Wrong. Because the WT Docket 98-20 rulemaking has been completed, the legal side of the FCC said that it is too late to fix the formula error. Accordingly, on March 21, 2011, H&E filed a Petition for Rulemaking, formally asking the commission to fix the error, plus some other tweaks. But, several months later, no action has been taken; not even a Rule Making (RM) number has been assigned.

WANTED: MORE ENGINEERS

Turns out the FCC Secretary’s office managed to lose the H&E petition not once but twice! They have it now, although it’s not clear if it’s our first, March 22 filing, or the second, April 6 filing. Nevertheless the Section 1.958 longitude distance formula, booby-trapped 13 years ago, remains uncorrected. Sigh.

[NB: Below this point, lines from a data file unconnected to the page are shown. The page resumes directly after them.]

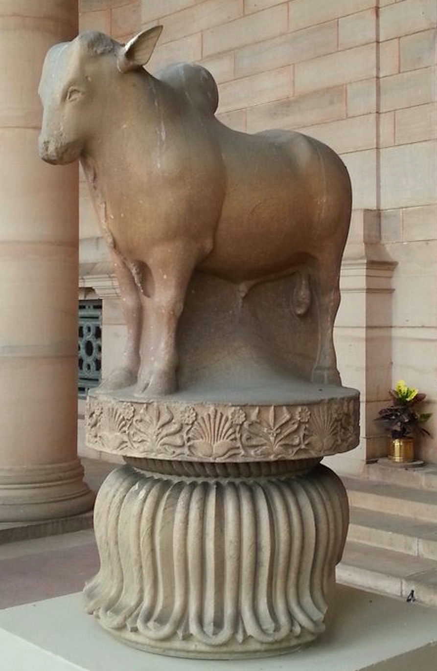 Rampurva bull in Presidential Palace high closeup. Detail of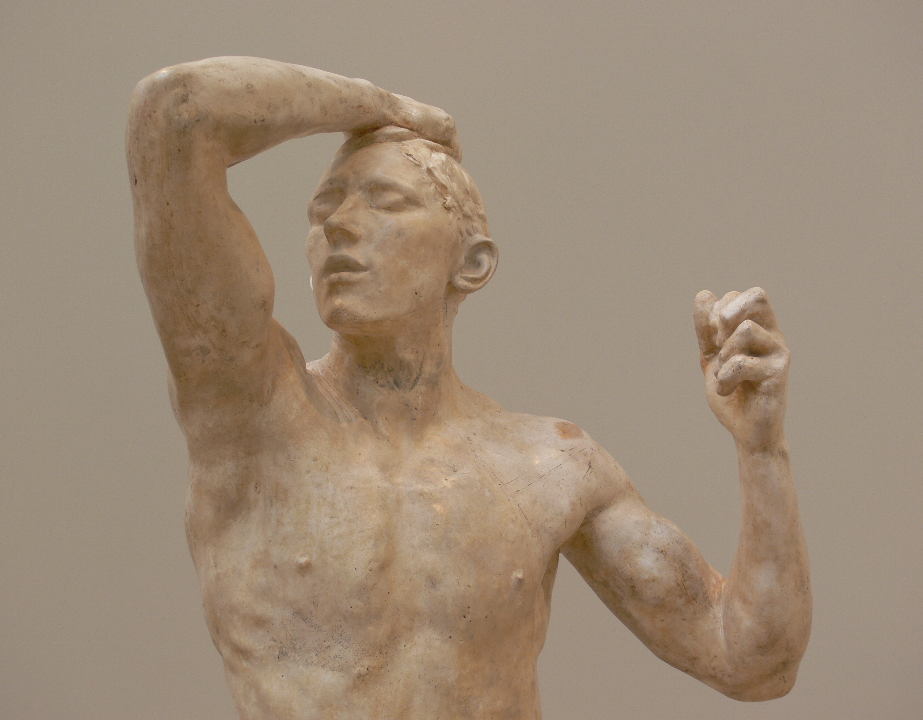 Auguste Rodin: L'Âge d'airain (The Age of Bronze), life-sized plaster cast, c. 1876, Nasher Sculpture Center, Dallas, Texas (Raymond and Patsy Nasher Collection, acquired in 1995)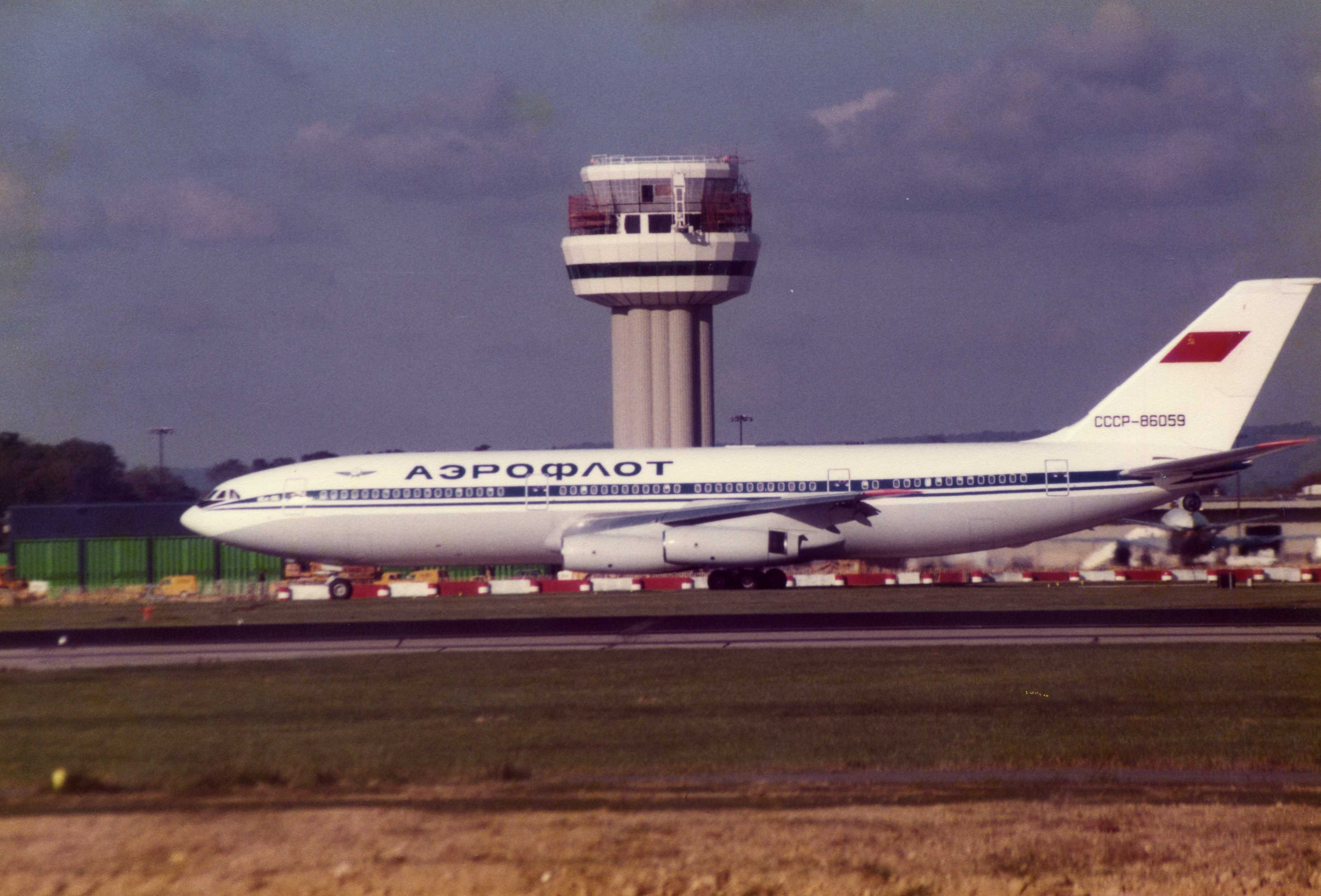 Aeroflot Ilyushin Il-86 at London Gatwick Airport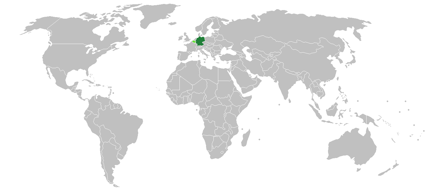 Countries where German Sign Language (DGS) is spoken.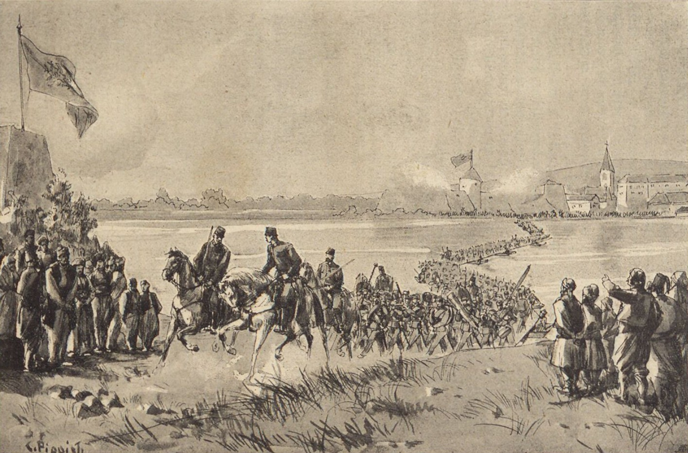 Crossing of river Sava by 17th Infantry Regiment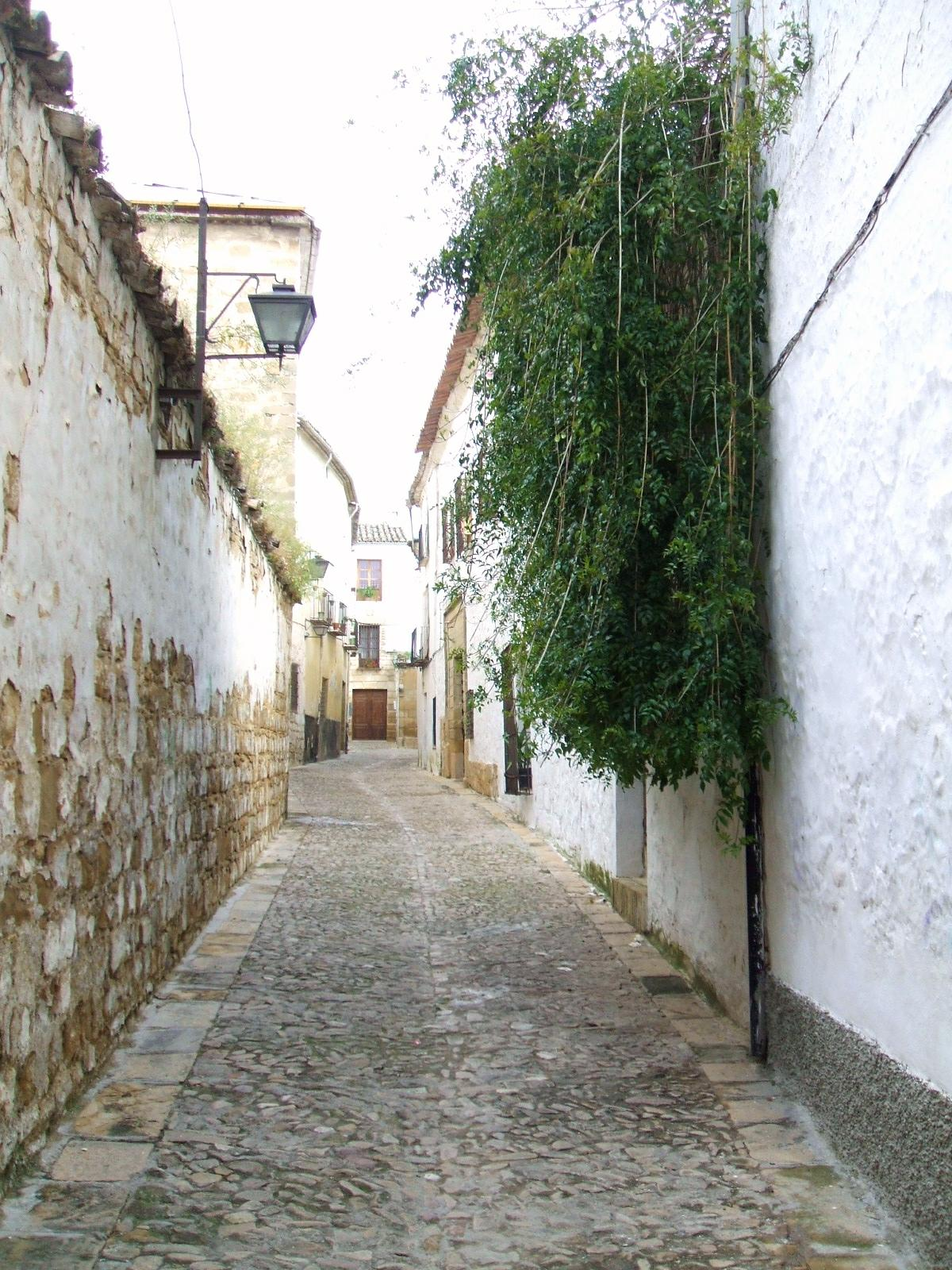 Callejuela en Úbeda (Jaén, Andalucía, España)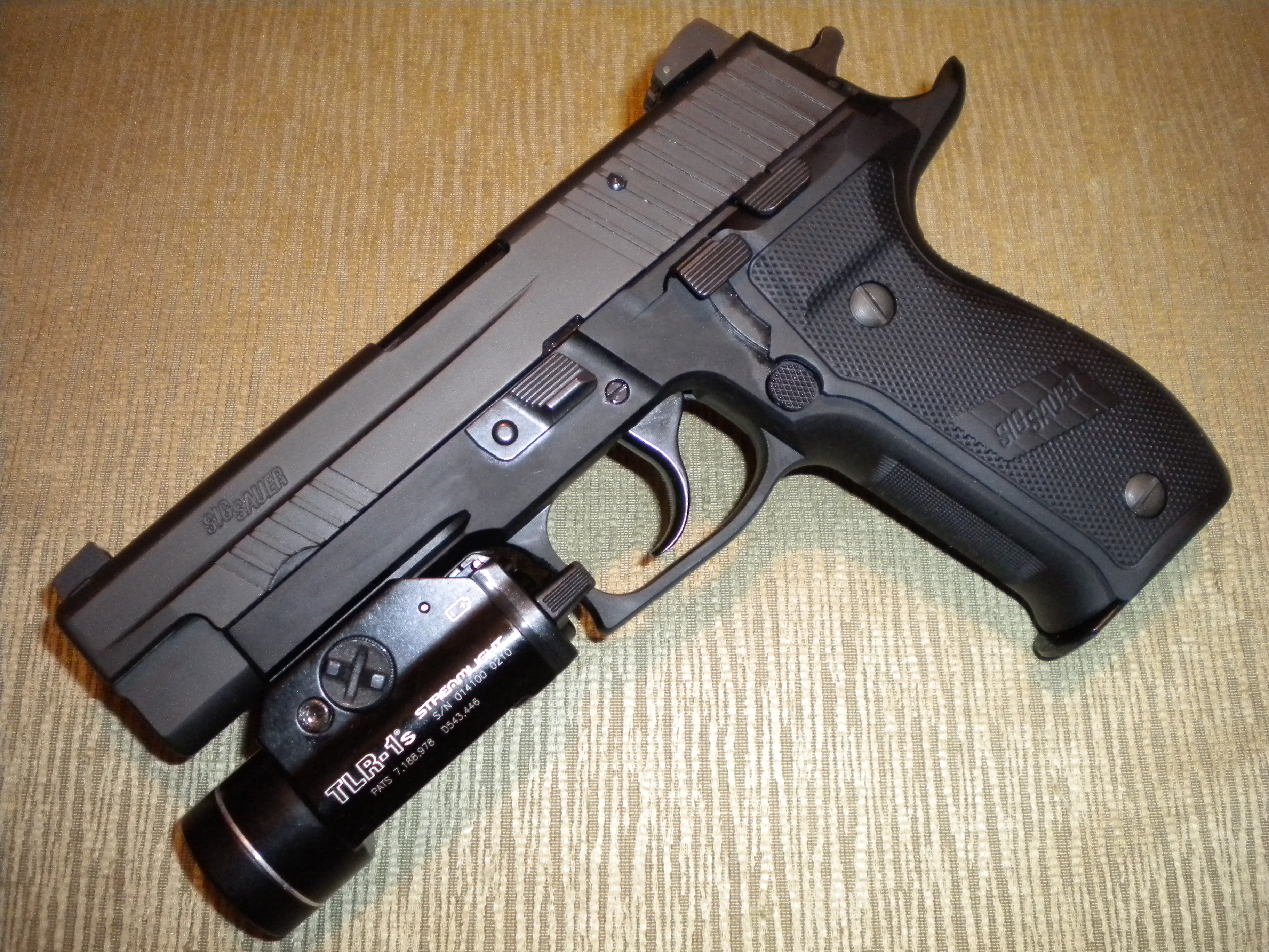 A SIG Sauer P226 Elite Dark with attached Streamlight TLR-1s weapon light. Note the extended beavertail.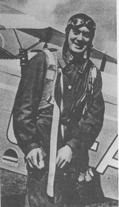 František Novák – second place in the international championship in aerobatics in Paris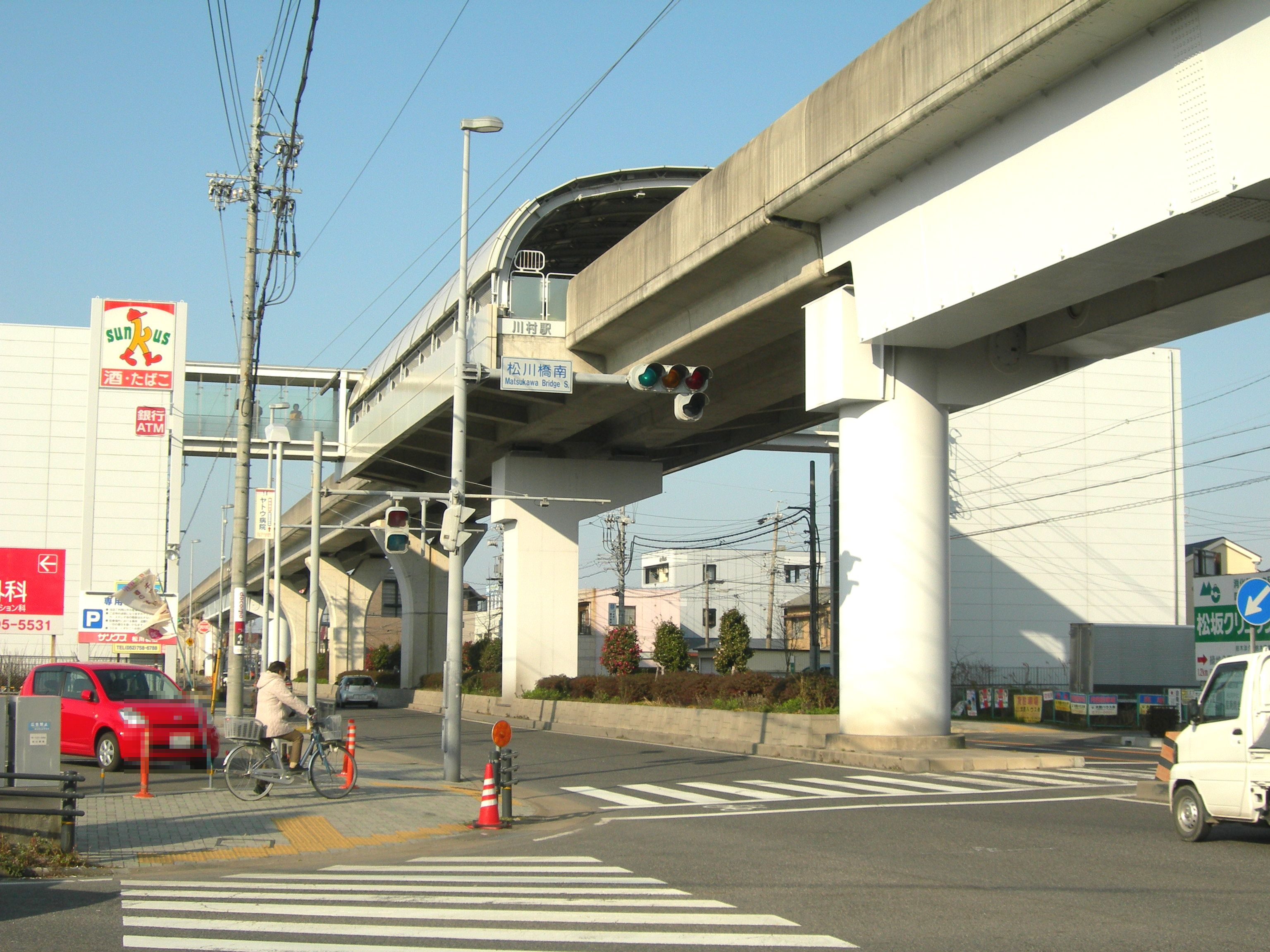 Nagoya Guideway Bus Kawamura Station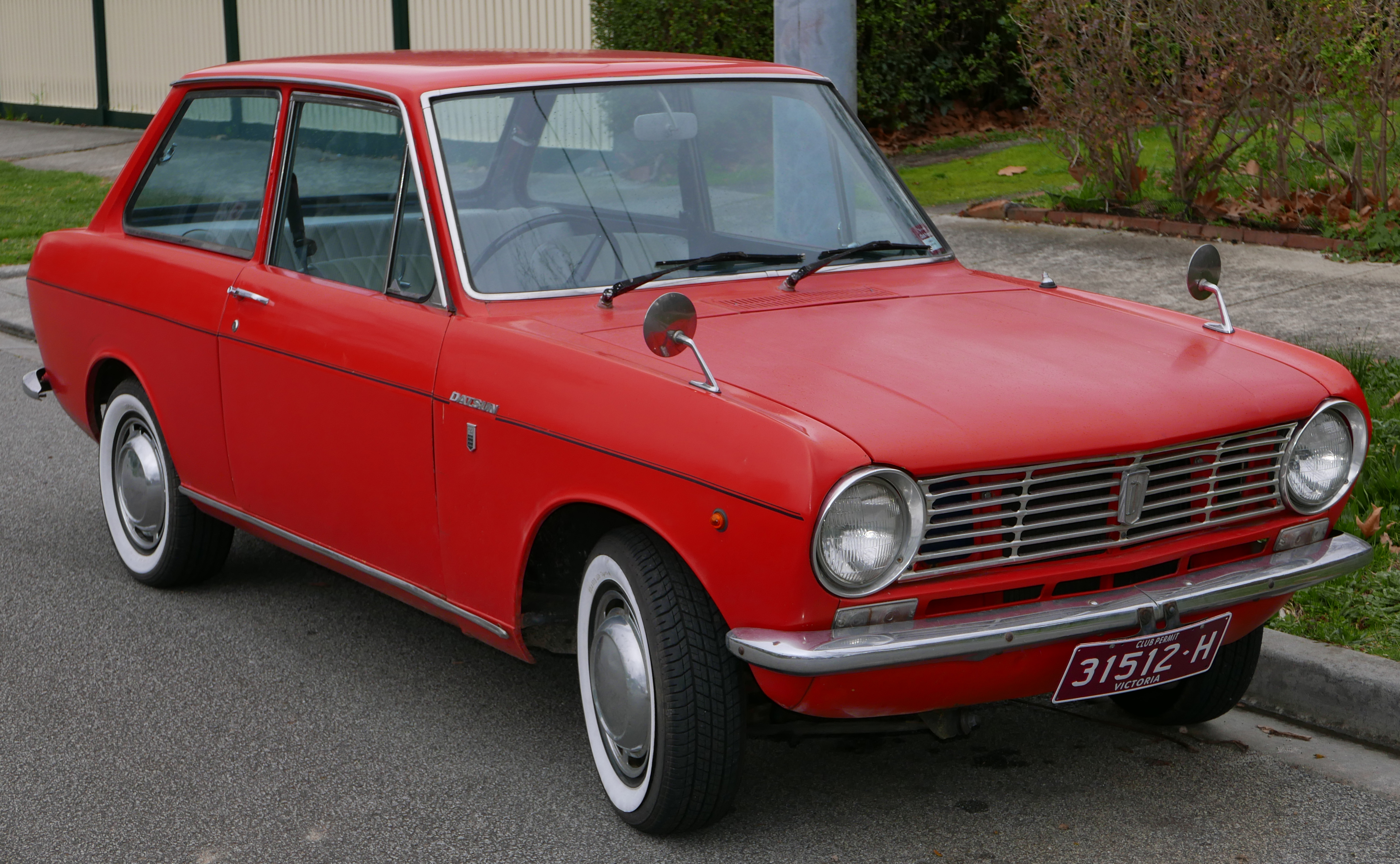 1967–1969 Datsun 1000 DeLuxe 2-door sedan. Photographed in Ivanhoe, Victoria, Australia.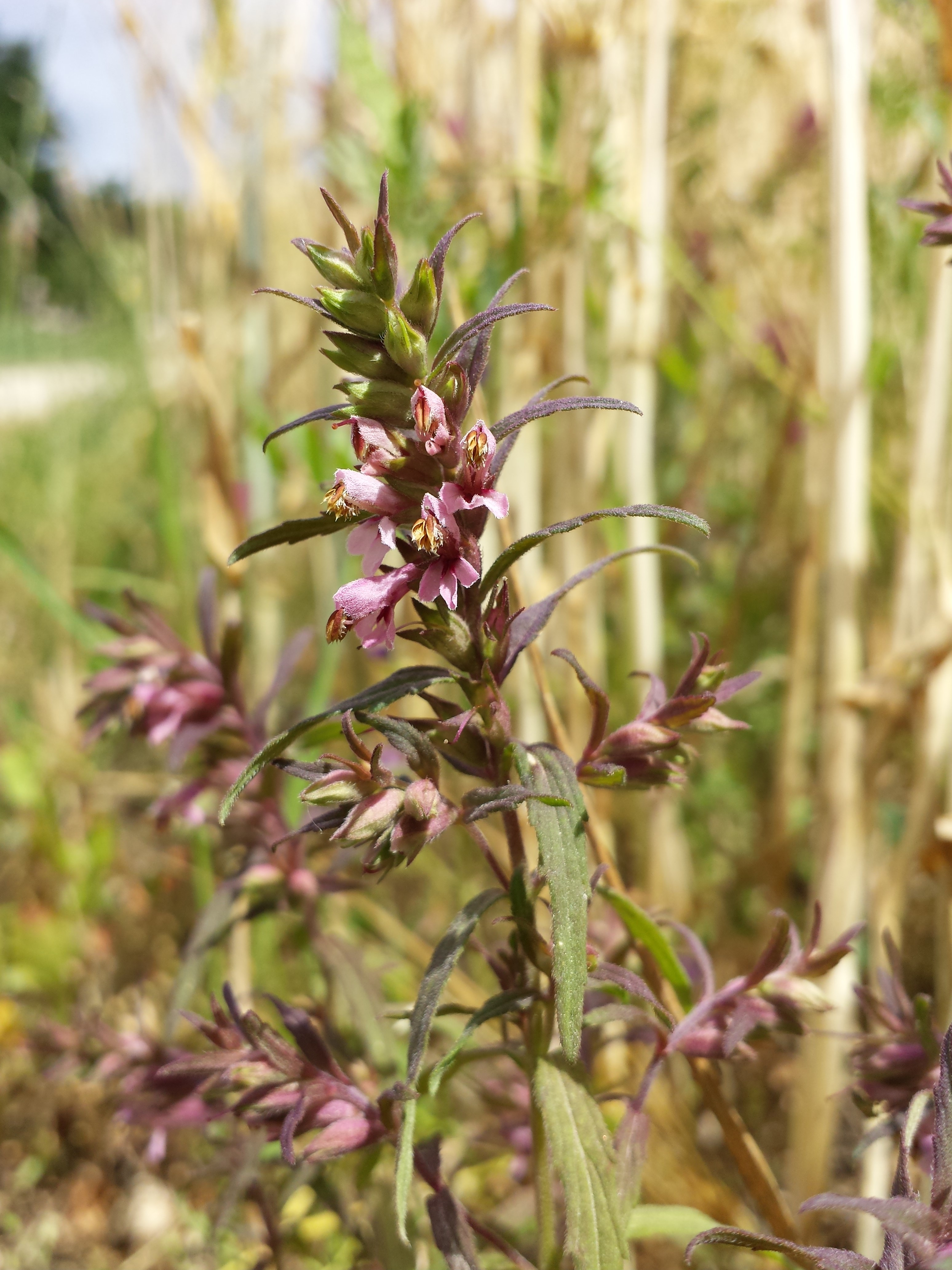 Habitus Taxon: Odontites vernus (sensu Fischer et al. EfÖLS 2008 ISBN 978-3-85474-187-9) Location: Leiser Berge, district Korneuburg, Lower Austria - ca. 400 m a.s.l. Habitat: grainfield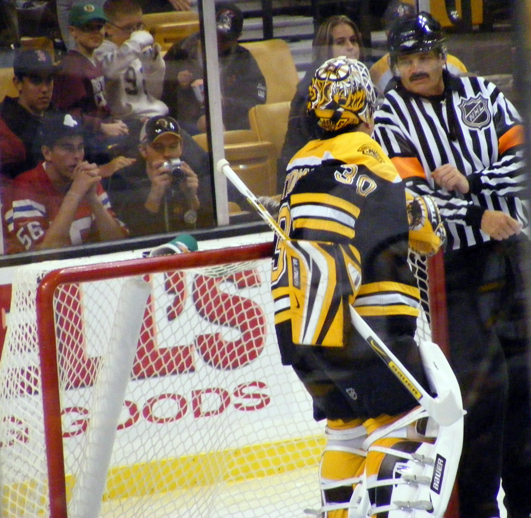 Tim Thomas (l) convering with official Don Van Massenhoven

Perhaps it’s time for more engineers at the FCC. And in this writer’s opinion it would be wonderful if the attempt 20 years ago for a statutory requirement that at least one FCC commissioner be an engineer, H.R. 3501, the Federal Communications Engineering Sciences Qualification Act of 1991, could be re-introduced as the big brother of Maine Republican Senator Snowe’s S.2881 (now S.661), which of course is the FCC Commissioners’ Technical Resource Enhancement Act. S.661 is certainly a step in the right direction, but why stop there? For a copy of the think-bigger H.R. 3501, which had garnered sixteen co-sponsors when it died in Committee at the end of the 102nd Congress, see eibass.org/images/filings/senator snowe dec23.pdf

The author is Co-Chair, Engineers for the Integrity of Broadcast Auxiliary Services Spectrum (EIBASS) and a senior engineer with Hammett & Edison, Inc., Consulting Engineers, San Francisco.